To confirm the clinical findings, the most widely used method is a doppler ultrasound or duplex doppler study. This evaluates the degree and location of arterial insufficiency. It is a simple, non-invasive procedure which uses the fact that the frequency of ultrasound waves changes when they are reflected from a moving surface, in this case, blood within the arteries.
If surgery is being contemplated then an arteriogram may be necessary. This is a procedure where contrast is injected into a major vessel and an X-ray is taken. This provides a ‘road map’ of the arteries so that surgery may be planned.
The doctor can then decide on the most suitable treatment.
When considering whether the symptoms of claudication should be treated, the doctor will decide if the pain is severe enough to stop the patient doing their normal activities. That means that a person who has to walk a long distance for their job is more likely to be operated on than a person who only needs to walk around the house.
Claudication is reversible but will naturally progress to irreversible damage to the leg unless something is done. An ulcer may form on the leg or gangrene may develop. The first indication that this may happen is that the pain may become constant. Once this occurs, some form of surgical procedure must be performed to save the limb.
Patients with intermittent claudication should walk for 60 minutes daily, if possible. When discomfort occurs, they should stop, allow the pain to subside, and then walk again. This is known as walking through claudication and will, over time, significantly improve the distance a patient can walk without discomfort. This occurs because the exercise stimulates the formation of new small arteries in the muscles which then take the place of the blocked arteries.
Patients should stop smoking immediately – continuing to smoke will prevent any relief of the claudication and will hasten the progression to complications such as gangrene. This is particularly true in diabetics who develop small vessel disease as a result of their illness anyway, which is further exacerbated by smoking.
When a patient is sleeping, blocks should be used to elevate the head of the bed 10-15cm.
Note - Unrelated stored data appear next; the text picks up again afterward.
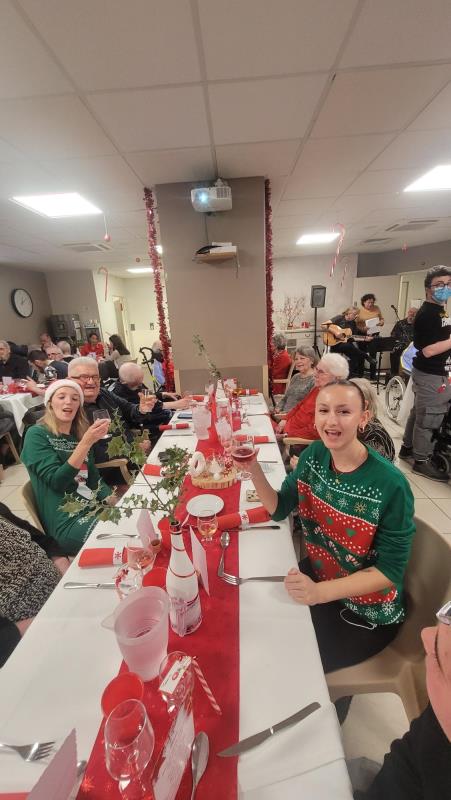 Le vendredi 19 décembre, notre résidence a célébré Noël autour d’un repas convivial réunissant les résidents, leurs familles et le personnel. La salle de restaurant s’est parée de décorations scintillantes et d’une ambiance chaleureuse, propice aux échanges et aux sourires.
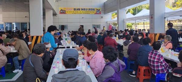 이날 경로잔치는 관내 거주하는 75세 이상 독거 어르신과 경로당 어르신 200여 명을 초청하여 짜장면, 떡, 과일 등 식사를 대접하고 축하공연 및 노래자랑, 경품추첨 순으로 진행됐다.
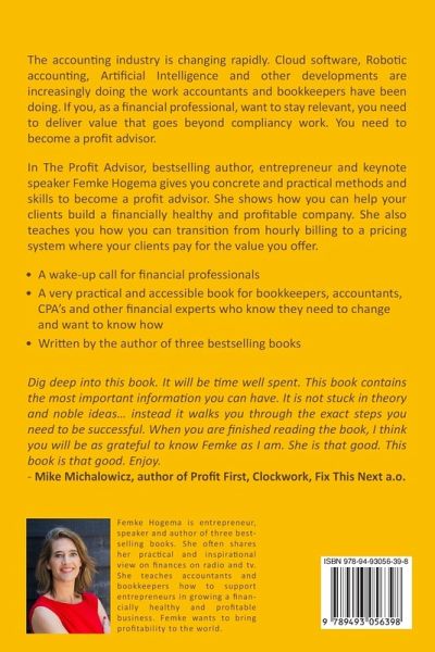 The accounting industry is changing rapidly. Cloud software, Robotic accounting, Artificial Intelligence and other developments are increasingly doing the work accountants and bookkeepers have been doing. If you, as a financial professional, want to stay relevant, you need to deliver value that goes beyond compliancy work. You need to become a profit advisor. In The Profit Advisor bestselling author, entrepreneur and keynote speaker Femke Hogema, gives you concrete and practical methods and skills to become a profit advisor. She shows you how you can help your clients build a financially healthy and profitable company. She also learns you how you can transition from hourly billing to a pricing system where your clients pay you for the value you offer. A wake-up call for financial professionals A very practical and accessible book for bookkeepers, accountants, CPA’s and other financial experts who know they need to change and want to know how Written by the author of three bestselling books Dig deep into this book. It will be time well spent. This book contains the most important information you can have. It is not stuck in theory and noble ideas… instead it walks you through the exact steps you need to be successful. When you are finished reading the book, I think you will be as grateful to know Femke as I am. She is that good. This book is that good. Enjoy. - Mike Michalowicz, author of Profit First.

Prophylactic foot care is especially important. Shoes should be well fitting and well ventilated. The toenails should be kept short and evenly cut. Patients should try to avoid trauma to the foot because of the possibility of ulcers forming. Regular visits to a podiatrist are recommended.
Exercise and stopping smoking are the mainstay of treatment in patients with claudication only. However, claudication is usually a sign of more widespread vascular disease, so this should also be investigated.
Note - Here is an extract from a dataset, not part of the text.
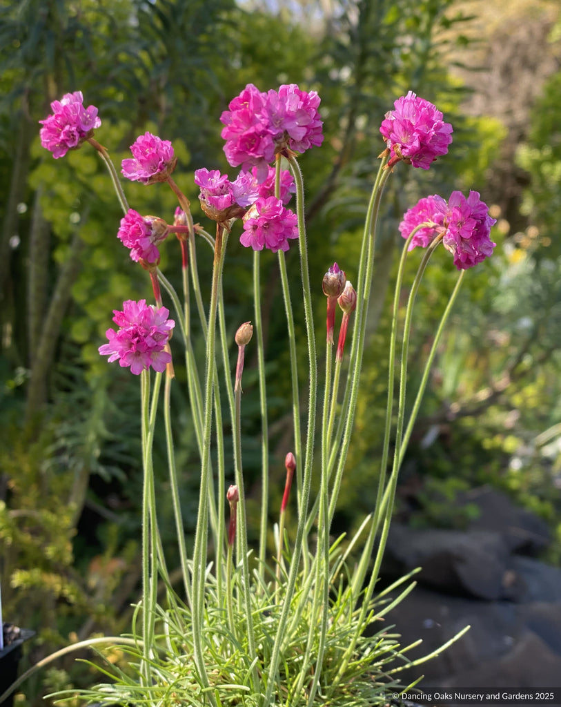Dense rounded tufts of deep-green grass-like foliage sport round lollipop flowers of rose-pink atop a slender stem. Foliage turns bronze in fall. Thrives in poor soil with excellent drainage in full sun.
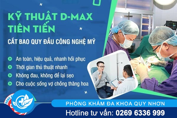 Theo các bác sĩ tại phòng khám cho biết, hiện nay nam giới có thể tiến hành cắt bao quy đầu bằng Kỹ thuật cắt bao quy đầu D-Max. Đây là phương pháp tiên tiến nhất hiện nay trong lĩnh vực y khoa được nhiều nước trên thế giới áp dụng, mang hiệu quả và ưu điểm tốt nhất chỉ có tại Phòng Khám Đa Khoa Quy Nhơn.

In severe cases, surgery is used to clear or bypass blocked vessels. In some cases the diseased portion of the artery may be replaced or bypassed by venous or artificial graft to allow free flow of blood. If the patient does not stop smoking, all these types of surgery are eventually unsuccessful and the artery will block again.
If treated early the prognosis is very good. Otherwise the disease may progress to slow, insidious development of tissue ischaemia, and amputation of the foot or even the whole leg, may eventually be necessary.
The best way to prevent progression is to stop smoking.
When to see your doctor
If you experience cramping pains in your calves, thighs or buttocks when walking or other forms of exercise, then you should see your doctor as soon as possible.